Ao longo do século XIX, o gênero romanesco foi estabelecendo uma aliança entre autor e autoridade que, já propiciada pela etimologia, passou pelas previsíveis fases de confiança, presunção, ceticismo e burla sem nunca renunciar um fim; é curioso, por isso, que agora já topicamente chamamos “o controle férreo do narrador”. De fato, tais fases não foram tão sucessivas como simultâneas, porque os romancistas, conscientes de ter o “controle”, se permitiam alternar, até numa mesma obra, o crédito com o descrédito, a satisfação com a frustração, a bravata com o ridículo. Como nada deles escapa, embora de fato se escapasse, podiam fazer ambiciosas histórias sérias como Balzac ou Zola, Tolstói ou Dostoiévski, engraçadas como Thackeray ou Dickens (e Dostoiévski também), ou delicadíssimas como Turguêniev... ou delicadamente cruéis como Flaubert.

A consciência de que sim, pelo amor de Deus, sempre há algo que escapa talvez tenha sido responsável pelo caso de Tchekhov não se dedicar nunca ao romance mas ao conto e a novela e o caso de algumas das experiências mais inusitadas sobre a limitação do poder e da consciência do narrador (Henry James, Herman Melville) se concretizassem também, mais que em romances, em novelas.

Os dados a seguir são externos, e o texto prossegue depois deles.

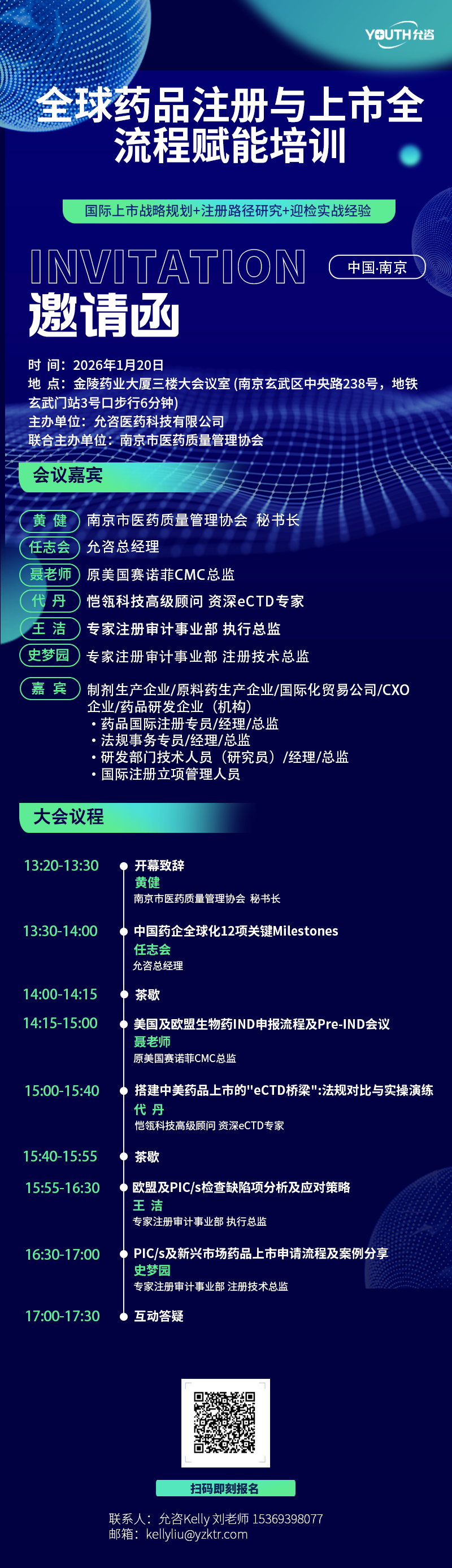 免费参会【南京站】1月20日 全球药品注册与上市全流程赋能峰会

Mas, ainda assim, nesses reduzidos rincões, pequenos, onde os narradores podiam se perder e induzir o leitor a duvidar de sua autoridade, subsistia a dúvida de se não haviam encontrado, nas estreitezas, justamente o lugar onde eram mais poderosos. 

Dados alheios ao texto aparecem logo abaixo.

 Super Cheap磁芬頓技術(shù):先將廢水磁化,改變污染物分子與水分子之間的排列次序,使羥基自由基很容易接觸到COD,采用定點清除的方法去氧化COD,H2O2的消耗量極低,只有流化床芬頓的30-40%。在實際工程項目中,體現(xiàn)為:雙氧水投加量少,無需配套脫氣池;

Em 1925, num romance de mais de 400 páginas (ainda por cima, um meta-romance), Os moedeiros falsos, André Gide se apresentava como um autor / narrador que “se pergunta com curiosidade aonde a narrativa vai levá-lo” mas ao mesmo tempo se regozijava com um capítulo intitulado “O autor julga suas personagens”. No fim de tantas transparências, descobriremos que o meta-romance finalmente resolvia (sim, resolvia) com a maior seriedade e compromisso o dilema entre autor e autoridade.

Toda a obra publicada de Kazuo Ishiguro, exceto o último romance, O gigante enterrado, está escrita numa primeira pessoa que desde o início parece não acreditar nem ela mesma no que diz. No primeiro capítulo do seu romance mais famoso, Os vestígios do dia, notemos passagens como esta: “Ora, sempre achei que havia viajado muito pouco, tolhido como sou por minhas responsabilidades na casa, mas evidentemente, ao longo do tempo, a gente faz diversas excursões por uma ou outra razão profissional, e, ao que parecia, eu estava muito mais familiarizado com aquelas localidades vizinhas do que imaginava. Pois, como estava dizendo, ao rodar ao sol na direção da divisa de Berkshire, continuei me surpreendendo com quanto a paisagem me era familiar”; e esta: “Mas então a paisagem acabou ficando irreconhecível, e entendi que havia ultrapassado todos os limites anteriores. Já ouvi pessoas descreverem o momento em que o barco abre as velas, o momento em que finalmente se perde a visão da terra. Imagino que a experiência de inquietação misturada com alegria que sempre acompanha a descrição desse momento seja muito semelhante ao que senti no Ford, quando a paisagem em torno ficou estranha para mim.” Tal conjunção de incerteza e probabilidade é característica da narrativa de seu autor, que parece totalmente confiada a um indivíduo tão cuidadoso de sua capacidade de controle como advertida ou inadvertidamente sujeito ao incontrolável. Normalmente sua vaidade se mostra contra os fatos, embora nunca reconheça ou tarde muitíssimo a reconhecer a catástrofe. Os romancistas do século XIX podiam tratar com sarcasmo ou com timidez o eu; Ishiguro parte de um eu que vê de fora mais que (em patéticos momentos de lucidez) de dentro não é nada.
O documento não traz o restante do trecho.